* DATASET EXCERPT:

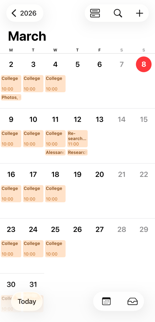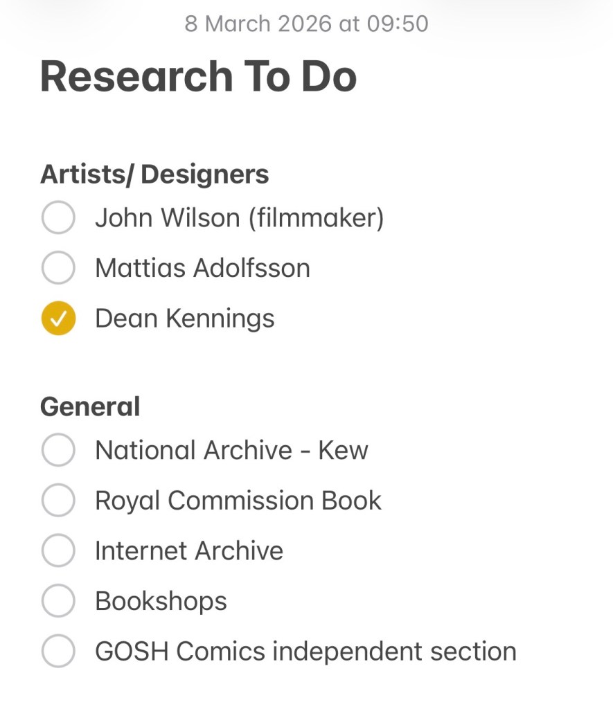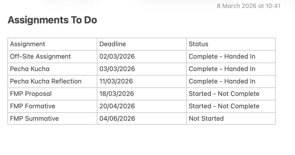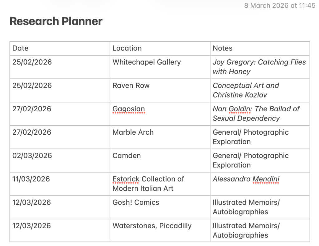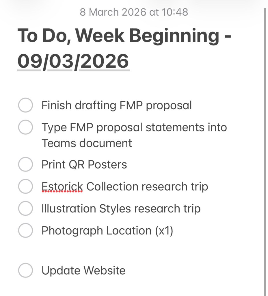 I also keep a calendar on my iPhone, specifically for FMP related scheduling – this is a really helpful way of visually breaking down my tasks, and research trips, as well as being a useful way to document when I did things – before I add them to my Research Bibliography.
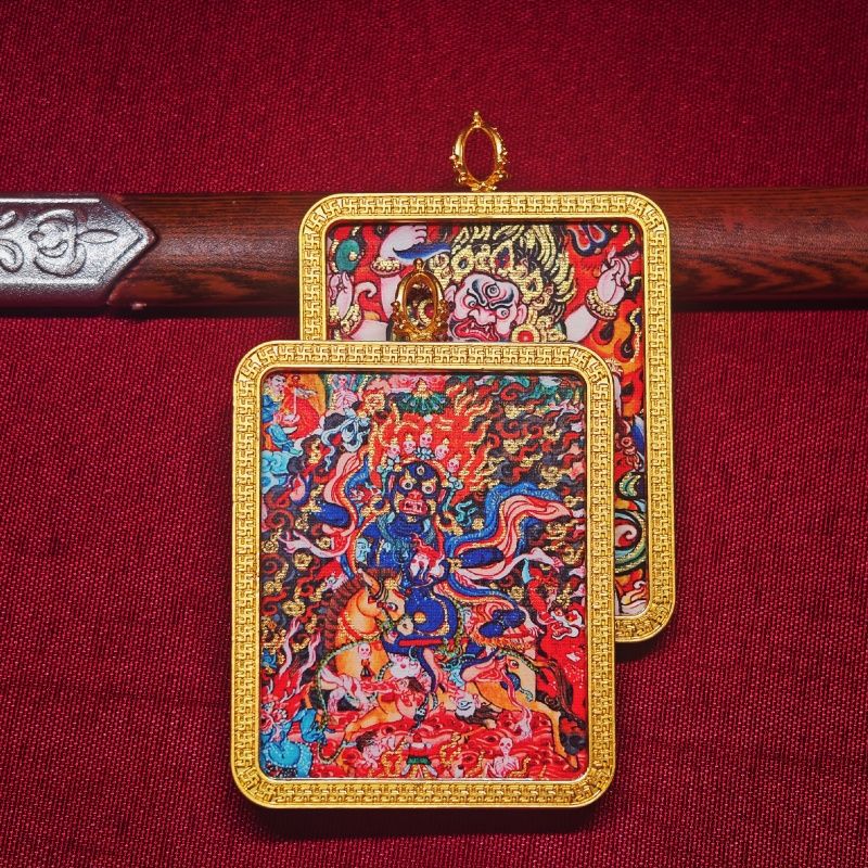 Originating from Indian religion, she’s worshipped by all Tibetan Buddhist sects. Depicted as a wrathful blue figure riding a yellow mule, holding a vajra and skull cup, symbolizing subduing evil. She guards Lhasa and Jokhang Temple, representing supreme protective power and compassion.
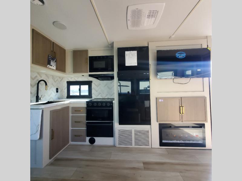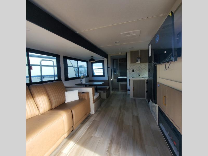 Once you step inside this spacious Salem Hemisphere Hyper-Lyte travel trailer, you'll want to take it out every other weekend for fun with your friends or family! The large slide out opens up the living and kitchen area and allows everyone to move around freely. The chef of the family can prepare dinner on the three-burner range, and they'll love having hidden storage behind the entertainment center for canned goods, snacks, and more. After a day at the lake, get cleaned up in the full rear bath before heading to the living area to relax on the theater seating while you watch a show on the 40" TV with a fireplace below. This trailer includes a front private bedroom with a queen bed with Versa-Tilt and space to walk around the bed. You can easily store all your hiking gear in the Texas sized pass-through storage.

* TASK INSTRUCTIONS: From the first line to the last, write out the data exactly, omitting any pictures.

* RESULT FOR THIS TASK:
 I also keep a calendar on my iPhone, specifically for FMP related scheduling – this is a really helpful way of visually breaking down my tasks, and research trips, as well as being a useful way to document when I did things – before I add them to my Research Bibliography.
 Originating from Indian religion, she’s worshipped by all Tibetan Buddhist sects. Depicted as a wrathful blue figure riding a yellow mule, holding a vajra and skull cup, symbolizing subduing evil. She guards Lhasa and Jokhang Temple, representing supreme protective power and compassion.
 Once you step inside this spacious Salem Hemisphere Hyper-Lyte travel trailer, you'll want to take it out every other weekend for fun with your friends or family! The large slide out opens up the living and kitchen area and allows everyone to move around freely. The chef of the family can prepare dinner on the three-burner range, and they'll love having hidden storage behind the entertainment center for canned goods, snacks, and more. After a day at the lake, get cleaned up in the full rear bath before heading to the living area to relax on the theater seating while you watch a show on the 40" TV with a fireplace below. This trailer includes a front private bedroom with a queen bed with Versa-Tilt and space to walk around the bed. You can easily store all your hiking gear in the Texas sized pass-through storage.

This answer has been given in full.